SQL Schema - ababaian/serratus GitHub Wiki

Overview

Serratus SQL Database is an ordered and accessible way to access the entire collection of Viral Summary Reports) in the project along with additional metadata.

There are two primary ways to access the SQL server:

  1. Tantalus, the R-package companion to Serratus
  2. pgadmin4 or your favorite PostgreSQL program

Connection Details

  • Endpoint: serratus-aurora-20210406.cluster-ro-ccz9y6yshbls.us-east-1.rds.amazonaws.com
  • Database: summary
  • Username: public_reader
  • Password: serratus

SQL Schema - Nucleotide

The nucleotide (nt) search was the first large SRA search using the Serratus architecture. Read more about it and explore results at https://serratus.io/explorer/nt.

nsra

nsra is the first line of the summary file, where the data for the SRA, reference genome, and date is present.
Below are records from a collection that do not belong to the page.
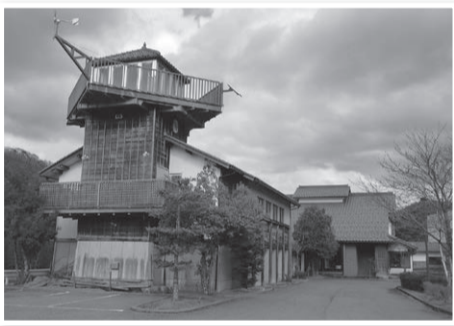
市の環境教育の拠点であり、災害時は防災拠点となるエコビレッジ交流センター

答 設置から約15年が経過し、発電能力が 低下してきている。坂口公民館と一体的に 利用されている施設であり、災害時の防災 拠点としても活用する公共施設として適当 であると判断した。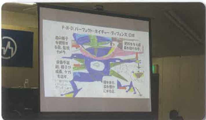
↑P・N・D（パーフェクト・ネイチャー・ディフェンス）ロボ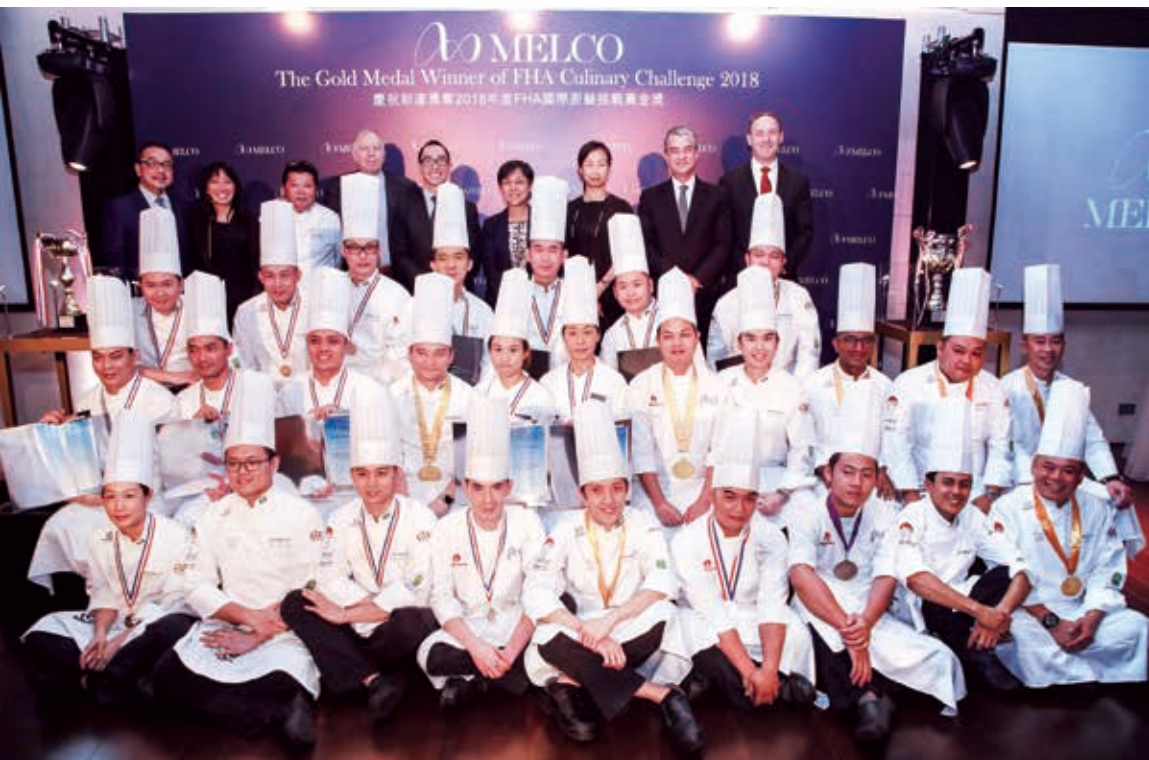
本集團的餐飲團隊勇奪 2018 FHA 國際廚藝挑戰賽金獎，並代表本澳首度出戰2020 IKA奧林匹克世界餐飲競賽，這充分肯定新濠餐飲團隊的廚藝才華及矢志為賓客呈獻極致非凡餐饗體驗的決心。

於截至二零一八年六月三十日止六個月，新濠影滙之淨收益為682,600,000美元，而二零一七年同期則為609,900,000美元。新濠影滙於截至二零一八年六月三十日止六個月錄得經調整物業EBITDA為183,300,000美元，而二零一七年同期之經調整物業EBITDA為148,500,000美元。經調整物業EBITDA按年增加主要由於所有博彩分部之表現均見提升。

This table has a one-to-many relationship with the other tables, all linked by the SRA accession run_id.

Columns:

  • run_id: SRA run accession for the analysis represented in the summary file
  • read_length: ?
  • genome: Name of the reference genome used for analysis
  • date: Date the summary file was generated

nfamily

nfamily corresponds to per-viral family pangenome. Reads from all virus accessions (nsequence) are pooled to increase sensitivity (especially for divergent viruses). Detecting a virus of interest is best done initially on the family level, followed by a specific search within matching entries.

Columns:

  • run_id: SRA run accession for the analysis represented in the summary file
  • family_name: Name of the family of the pan-genome that is being analyzed
  • coverage_bins: Coverage cartoon generated, giving a picture of the quality of alignment throughout the specific sequence
  • score: Score given for the quality of the alignment
  • percent_identity: Percent identity of the sequences aligned (wrt the reference genome)
  • depth: Depth of the sequence
  • n_reads: Number of aligned reads
  • n_global_reads: Number of global aligned reads
  • length: Pangenome length
  • top_genbank_id: Top accession
  • top_score: Top accession score
  • top_length: Length of the top accession
  • top_name: Study name linking to the top accession

nsequence

nsequence corresponds to lowest level of sequence-matches. Each reference sequence with mapped reads is an entry.

Columns:

  • run_id: SRA run accession for the analysis represented in the summary file
  • family_name: Name of the family of the pan-genome that is being analyzed
  • sequence_accession: Name of the accession
  • coverage_bins: Coverage cartoon generated, giving a picture of the quality of alignment throughout the specific sequence
  • score: Score given for the quality of the alignment
  • percent_identity: Percent identity of the sequences aligned (wrt the reference genome)
  • depth: Depth of the sequence
  • n_reads: Number of aligned reads
  • n_global_reads: Number of global aligned reads (excludes soft-clipped reads)
  • length: Length of accession
  • virus_name: Study name linking to the accession

SQL Schema - RdRp

The RdRp (rdrp) search was another large SRA search using the Serratus architecture. Read more about it and explore results at https://serratus.io/explorer/rdrp.

rsra

This is the same as the nsra table but for the RdRp search.

rphylum

This is analagous to the nfamily table but for the RdRp search and on the phylum level.

rfamily

This is the same as the nfamily table but for the RdRp search.

rsequence

This is the same as the nsequence table but for the RdRp search.